The Next Eike Batista? Eduardo Saverin, The Brazilian Who Helped Build Facebook (NASDAQ:FB), Has A Fortune Estimated In $2.2B
In every world billionaires list, a few regulars come up: Microsoft founding father Bill Gates, Mexican telephone magnate Carlos Slim, Facebook Wunderkind Mark Zuckerberg, and so on. Zuckerberg, named the youngest billionaire in history, leads the list of youngest billionaires, a group of five under-35 year olds who have made it big.
Among the names that made the list is Brazilian Eduardo Saverin, the only non-American and one of masterminds behind Facebook. The São Paulo-born, Miami-bred visionary who had a much-publicized fallout with Zuckerberg in the early days of Facebook, kept to himself for almost a decade. Little was known about him besides his age (31 at the moment), his small current participation in the company (currently less than 5 percent) and the fact that he moved to Singapore, where he lived until Facebook went public in May 2012.
In the days surrounding the IPO -- which would come to be known as one of the most chaotic in history -- it was widely known that Saverin, who lived in the U.S. for 17 years, had renounced to his American citizenship. Rumors sparked that he had done it to avoid taxes, but that was one of issues he clarified in the first interview he gave later that month.
“The decision was strictly based on my interest of living and working in Singapore” he told Brazilian magazine Veja. “I am obligated and I will pay hundreds of millions of dollars in taxes to the American government, and I already paid and I will keep paying whatever taxes I owe based on my time as a U.S. citizen.”
Saverin’s family emigrated to the U.S. in 1992 for a better future -- Brazil was then facing a deep financial crisis, and then-President Fernando Collor had just frozen all savings accounts. Saverin’s parents, a chemist and a psychologist, brought their three kids to Miami, where they settled. Saverin was a precocious child: He made headlines at 13, when he beat a chess grandmaster in Orlando.
He met Zuckerberg in 2004, as a fellow undergraduate at Harvard. Noting the lack of an online social network there, the two started working on a Harvard-exclusive website where students could connect. The resulting site was registered as “Thefacebook” under Saverin’s family address in Miami.
What happened between the two young men is one of the best-known business divorces from the last decade: As Facebook grew and drew attention from the media, Saverin was tasked with running the business side on the East Coast while Zuckerberg and the rest of team developed the product in Palo Alto, Calif., from where they drove Saverin out of the operation and reducing his participation to 10 percent.
When notified, Saverin sued Facebook and his former partners. The lawsuit was settled out of court and Saverin walked away with a 5 percent share and a non-disclosure agreement. He later moved to Singapore, where he still resides.
Now, he claims to harbor no hard feelings toward Zuckerberg. “I have only good things to say about Mark. His focus on the company since its very first day is anything short of admirable,” he told Veja.

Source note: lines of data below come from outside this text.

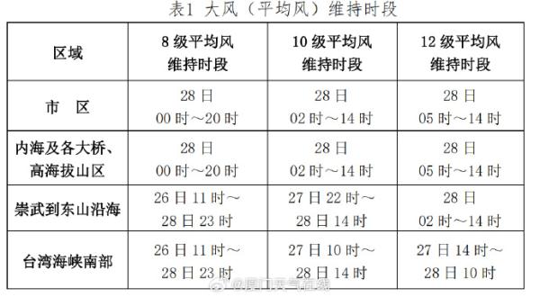 风力影响市区最大风力可达 10~12 级、阵风 13~14 级; 内海及各大桥、高海拔山区最大可达 10~13 级、阵风 14~15 级;崇武到东山沿海最大可达 13~15 级、阵风 16 级以上;台湾海峡南部最大可达 14~16 级、阵风 17 级以上。29 日白天风力逐渐减弱。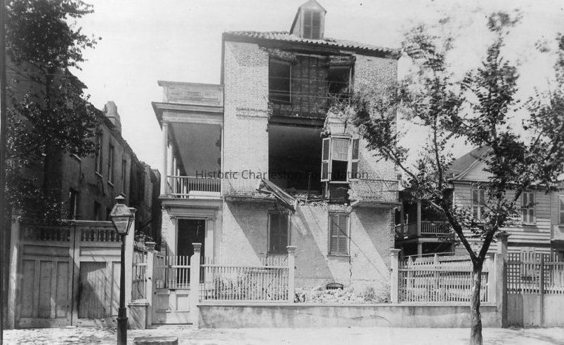 Reprint of a photograph of 39 Meeting Street) showing the damage to the east (front) elevation after the 1886 Earthquake.Collection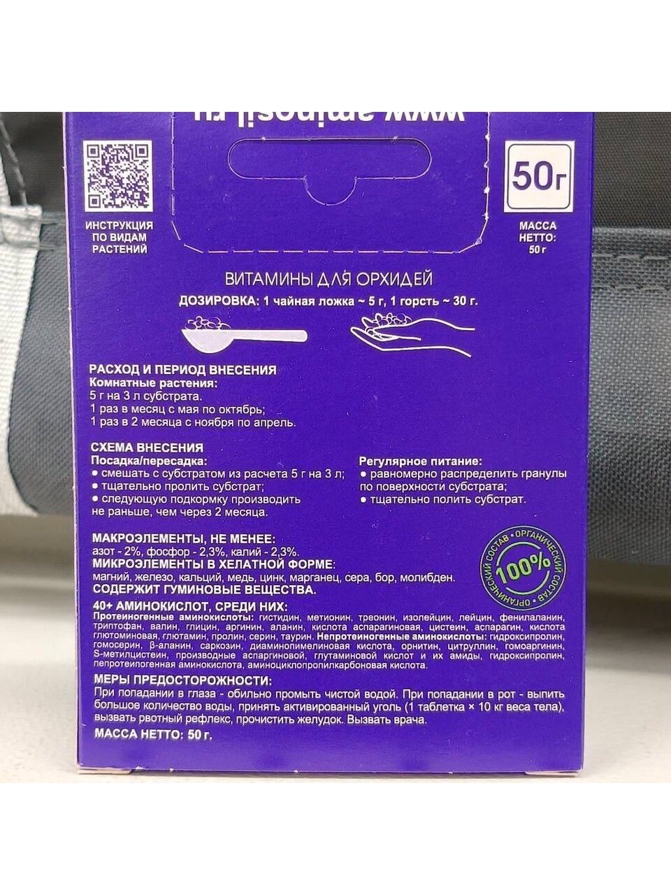- Вес 50 г: оптимален для ухода за орхидеями.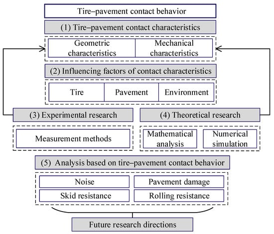 The objective of this article is to conduct a comprehensive review of the latest progress in the study of tire–pavement contact behavior. In order to achieve this objective, tire–pavement contact characteristics, factors influencing contact behavior, contact measurement methods, and theoretical research are reviewed. Firstly, the research progress on tire–pavement contact behavior is examined based on both geometric characteristics and mechanical characteristics. Secondly, the influencing factors of contact behavior are analyzed based on three aspects—the tire, pavement, and contact environment. Then, experimental research on tire–pavement contact behavior and measurement methods are summarized, and the advantages and disadvantages of different measurement methods are evaluated. Finally, tire–pavement models and computer simulations are reviewed, and the advantages and disadvantages of different research approaches are discussed. This article also outlines the analysis of tire–pavement contact behavior to study noise, skid resistance, rolling resistance, and pavement damage. Future research directions are also envisioned. The framework of this article is shown in Figure 1.

Saverin’s story was told in the Oscar-winning 2010 movie "The Social Network," which made his name public domain -- but not so much his face, as the New York Times found when it published a photo of actor Andrew Garfield (who portrays him in the movie) along with the story of Saverin renouncing his U.S. citizenship.
The billionaire dismisses the film as fiction. “It is not a documentary; that is not how things happened,” he assured. “I would never throw a laptop at anybody, not even at Mark.”
Saverin now occupies his days investing “like a crazy person,” mostly in Internet start-ups. He expressed a desire to bring his business operations closer to home, and many see him as the next big Brazilian entrepreneur. He admitted to being CC’ed on emails sent to tycoon Eike Batista, although that might not be the path he wants to follow. “I am Brazilian and I want to invest in Brazil -- though not through minerals, unless it’s silicon or something tech-related,” he said.